Fig. 3 is a schematic diagram of an overall structure of a macaque voiceprint verification network according to an embodiment of the present invention, where a waveform at a leftmost end of fig. 3 represents input voice pair sampling data, CNN represents the backbone network, and a frame-level feature vector output by the backbone network is represented as M ═ M ₁ ,m ₂ ,...，n _T ]Wherein m is _i ∈R ⁿ N is a frame-level feature dimension, and T represents the number of frames; and performing cyclic frame interception before inputting the frame level features output by the backbone network into the feature fusion network. Specifically, the frame-level feature vectors are connected end to obtain a feature sequence F as follows:

F＝[f ₁ ,f ₂ ,...f _N ,f ₁ ,f ₂ ,，...f _c-1 ]

grouping F by preset step length to obtain grouping expression FG of the characteristic sequence:

FG＝([f ₁ ,f ₂ ,...f _c ],[f ₂ ,f ₃ ,…f _c+1 ],…，[f _T ,f ₁ ,f ₂ ，...f _c-1 ])

where c represents the number of frames per feature set. And inputting the frame-level feature vectors grouped in the FG into a feature fusion network for feature fusion, thereby obtaining the fusion frame feature vector of the macaque speech segment.

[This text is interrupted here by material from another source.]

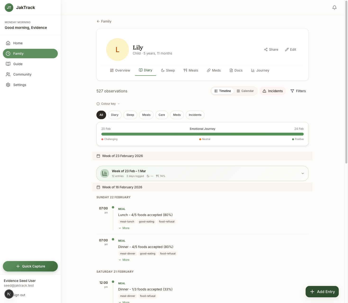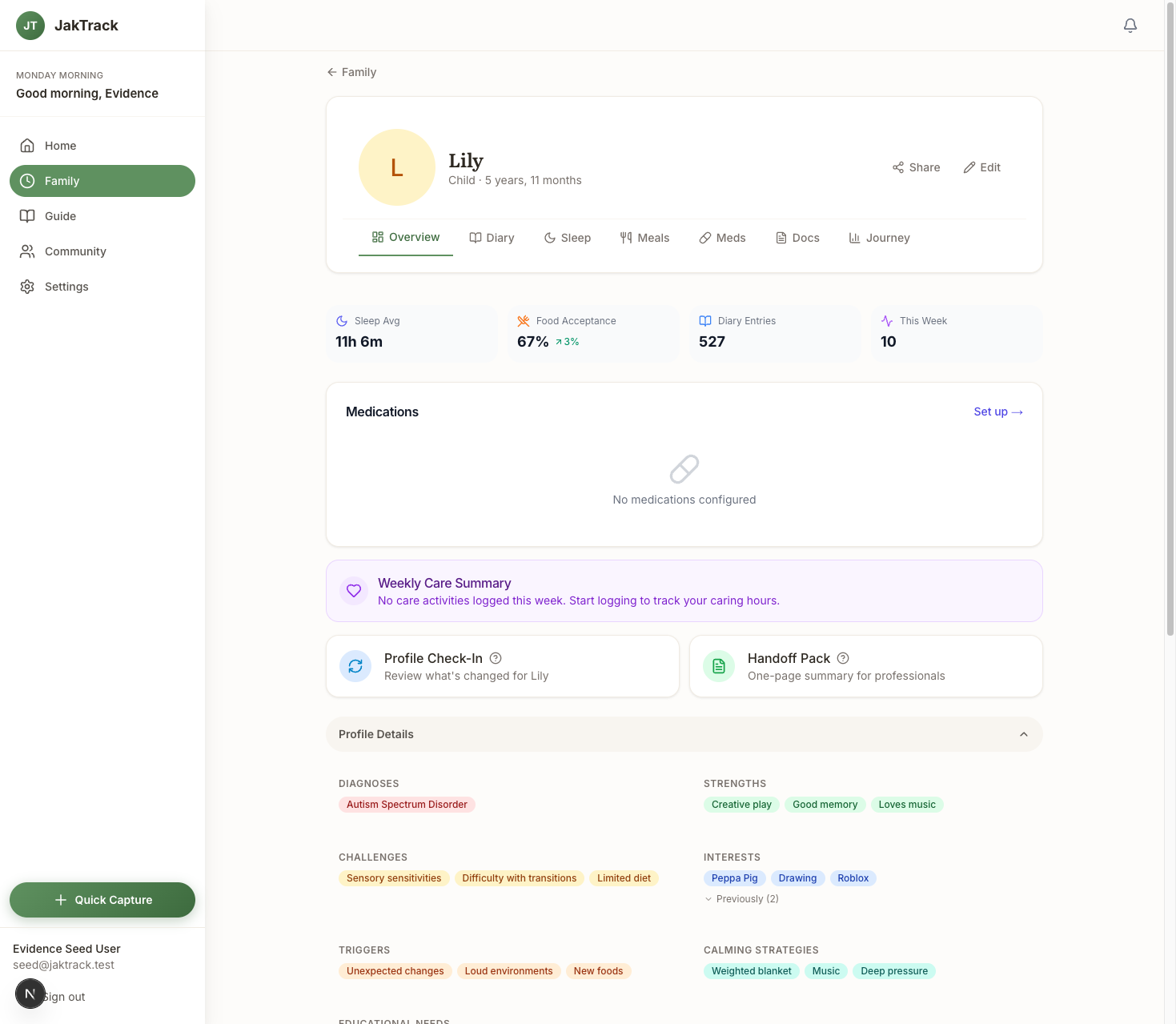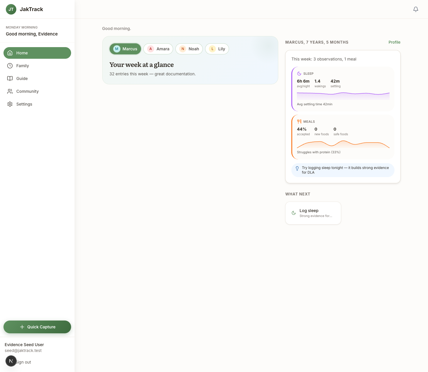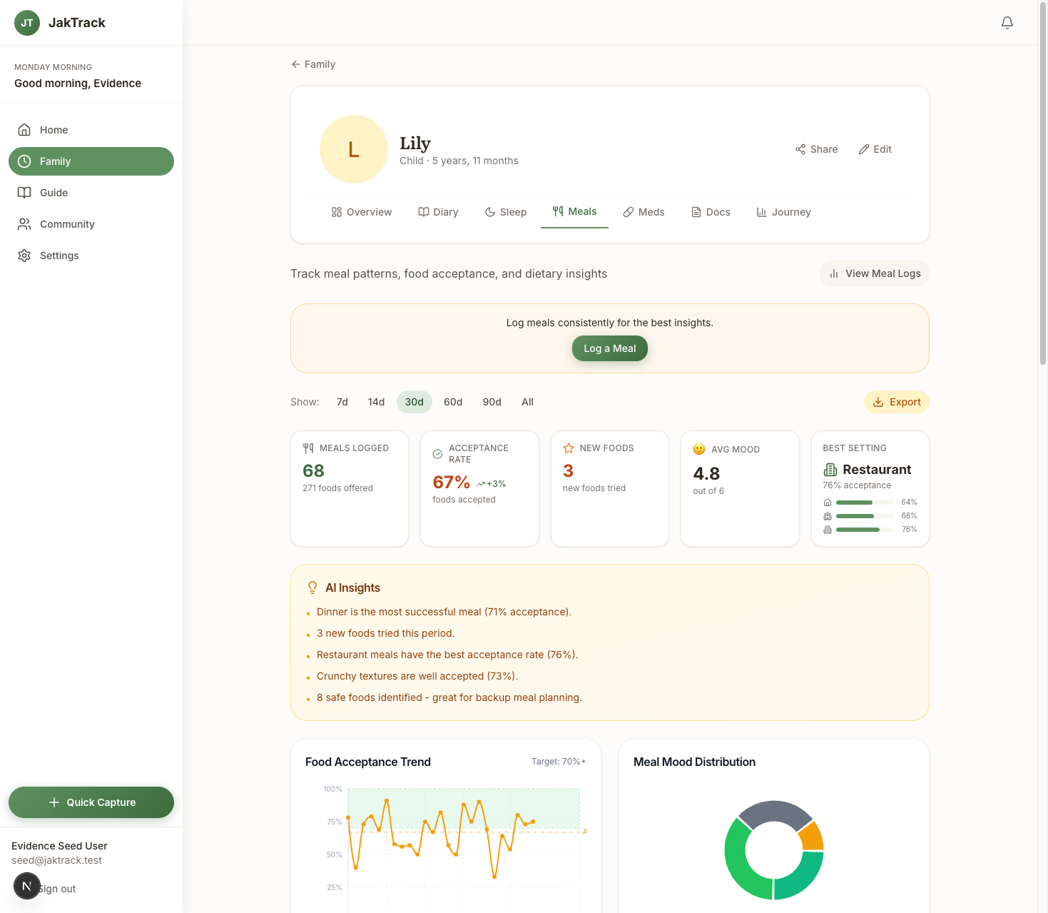 JakTrack tracks patterns over time. Sleep trends, meal acceptance rates, sensory triggers, mood patterns - all derived from your daily logging. When something shifts, the app notices and tells you. That's evidence you can take to a professional, not just a gut feeling that gets nodded at and ignored.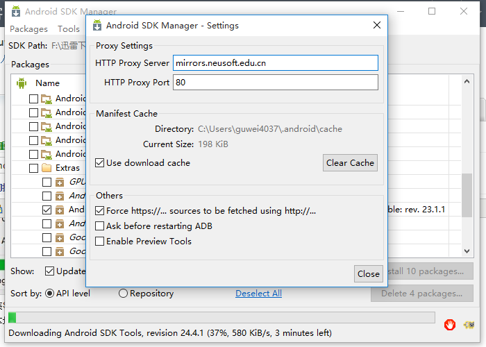 有时候如果还不能更新,说明当前网络把google sdk的地址也给枪了,这时我们可以设置代理来下载。

As shown in fig. 3, in order to perform more efficient feature Fusion, the present invention designs a feature Fusion network based on a Channel Fusion Mechanism (CFM). The feature fusion network comprises two branches, wherein the first branch is a transposition operation, and the second branch sequentially comprises 2 FCs connected in series, a maximum pooling (Maxpool) layer and an average pooling (Avgppool) layer which are connected in parallel, and 1 sigmoid layer;

transposing the grouped frame-level feature vectors through a first branch to obtain a first part of the fusion frame features; after the grouped frame level feature vectors are processed by 2 FC of the second branch, the grouped frame level feature vectors respectively pass through a Maxpool layer and an Avgpol layer, matrix addition calculation is carried out on the outputs of the Maxpool layer and the Avgpol layer, namely corresponding bits are added, and then activation processing is carried out by a sigmoid layer to obtain a second part of the fusion frame feature; and performing dot product calculation on the first part of the fusion frame characteristic and the second part of the fusion frame characteristic to obtain a fusion frame characteristic vector of the voice section.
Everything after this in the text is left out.